_WORK REQUIRED_:
In the listing below, find the line containing "Abstract shapes and" and the line containing "該電涌保護(hù)器采用PC". Repeat exactly those two lines and every line between them.

_RECORDS TO USE_:
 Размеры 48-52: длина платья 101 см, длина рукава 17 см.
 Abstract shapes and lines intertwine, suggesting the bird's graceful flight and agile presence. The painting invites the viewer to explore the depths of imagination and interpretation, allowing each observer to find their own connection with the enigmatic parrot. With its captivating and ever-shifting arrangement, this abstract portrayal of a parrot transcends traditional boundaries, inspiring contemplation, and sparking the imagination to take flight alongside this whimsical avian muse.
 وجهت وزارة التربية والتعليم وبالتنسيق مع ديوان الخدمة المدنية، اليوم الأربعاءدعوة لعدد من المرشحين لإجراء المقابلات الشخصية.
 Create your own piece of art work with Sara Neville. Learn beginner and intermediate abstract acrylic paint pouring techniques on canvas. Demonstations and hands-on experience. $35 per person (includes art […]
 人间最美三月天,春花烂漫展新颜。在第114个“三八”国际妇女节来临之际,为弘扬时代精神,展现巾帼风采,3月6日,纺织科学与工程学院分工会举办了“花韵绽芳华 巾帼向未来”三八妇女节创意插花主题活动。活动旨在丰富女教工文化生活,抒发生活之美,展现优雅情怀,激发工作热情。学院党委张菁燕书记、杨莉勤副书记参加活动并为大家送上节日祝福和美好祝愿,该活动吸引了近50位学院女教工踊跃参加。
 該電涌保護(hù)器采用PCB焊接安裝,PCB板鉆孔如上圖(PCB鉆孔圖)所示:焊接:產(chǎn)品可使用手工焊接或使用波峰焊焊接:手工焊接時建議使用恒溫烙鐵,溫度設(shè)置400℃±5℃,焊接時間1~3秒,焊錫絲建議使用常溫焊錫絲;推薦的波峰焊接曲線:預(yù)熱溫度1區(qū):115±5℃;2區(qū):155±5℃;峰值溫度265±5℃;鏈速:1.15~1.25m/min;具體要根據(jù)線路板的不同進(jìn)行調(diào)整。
==
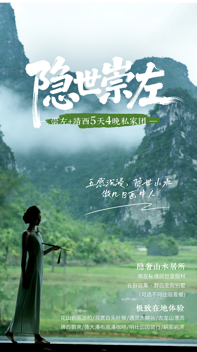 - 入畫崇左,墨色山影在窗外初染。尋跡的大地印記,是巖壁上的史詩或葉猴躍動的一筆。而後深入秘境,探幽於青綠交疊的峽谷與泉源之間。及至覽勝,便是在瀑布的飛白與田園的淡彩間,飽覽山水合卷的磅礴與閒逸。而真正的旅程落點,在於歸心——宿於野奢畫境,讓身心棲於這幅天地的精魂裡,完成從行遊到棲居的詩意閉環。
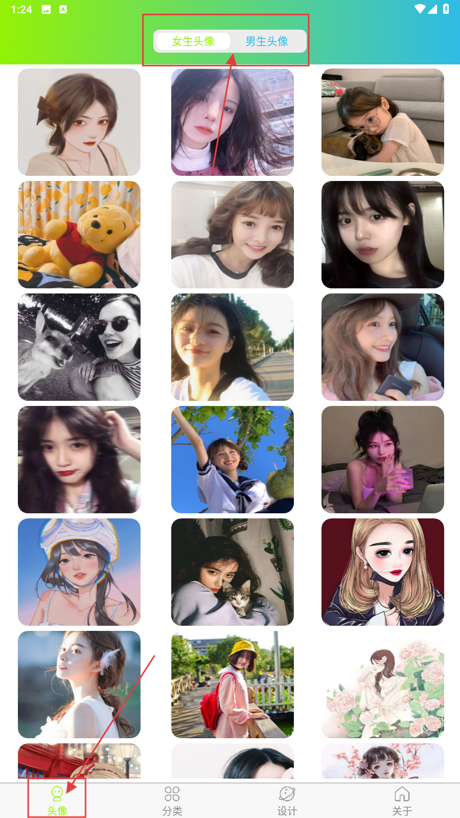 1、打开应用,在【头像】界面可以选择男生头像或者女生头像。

_WRITTEN SOLUTION_:
 Abstract shapes and lines intertwine, suggesting the bird's graceful flight and agile presence. The painting invites the viewer to explore the depths of imagination and interpretation, allowing each observer to find their own connection with the enigmatic parrot. With its captivating and ever-shifting arrangement, this abstract portrayal of a parrot transcends traditional boundaries, inspiring contemplation, and sparking the imagination to take flight alongside this whimsical avian muse.
 وجهت وزارة التربية والتعليم وبالتنسيق مع ديوان الخدمة المدنية، اليوم الأربعاءدعوة لعدد من المرشحين لإجراء المقابلات الشخصية.
 Create your own piece of art work with Sara Neville. Learn beginner and intermediate abstract acrylic paint pouring techniques on canvas. Demonstations and hands-on experience. $35 per person (includes art […]
 人间最美三月天,春花烂漫展新颜。在第114个“三八”国际妇女节来临之际,为弘扬时代精神,展现巾帼风采,3月6日,纺织科学与工程学院分工会举办了“花韵绽芳华 巾帼向未来”三八妇女节创意插花主题活动。活动旨在丰富女教工文化生活,抒发生活之美,展现优雅情怀,激发工作热情。学院党委张菁燕书记、杨莉勤副书记参加活动并为大家送上节日祝福和美好祝愿,该活动吸引了近50位学院女教工踊跃参加。
 該電涌保護(hù)器采用PCB焊接安裝,PCB板鉆孔如上圖(PCB鉆孔圖)所示:焊接:產(chǎn)品可使用手工焊接或使用波峰焊焊接:手工焊接時建議使用恒溫烙鐵,溫度設(shè)置400℃±5℃,焊接時間1~3秒,焊錫絲建議使用常溫焊錫絲;推薦的波峰焊接曲線:預(yù)熱溫度1區(qū):115±5℃;2區(qū):155±5℃;峰值溫度265±5℃;鏈速:1.15~1.25m/min;具體要根據(jù)線路板的不同進(jìn)行調(diào)整。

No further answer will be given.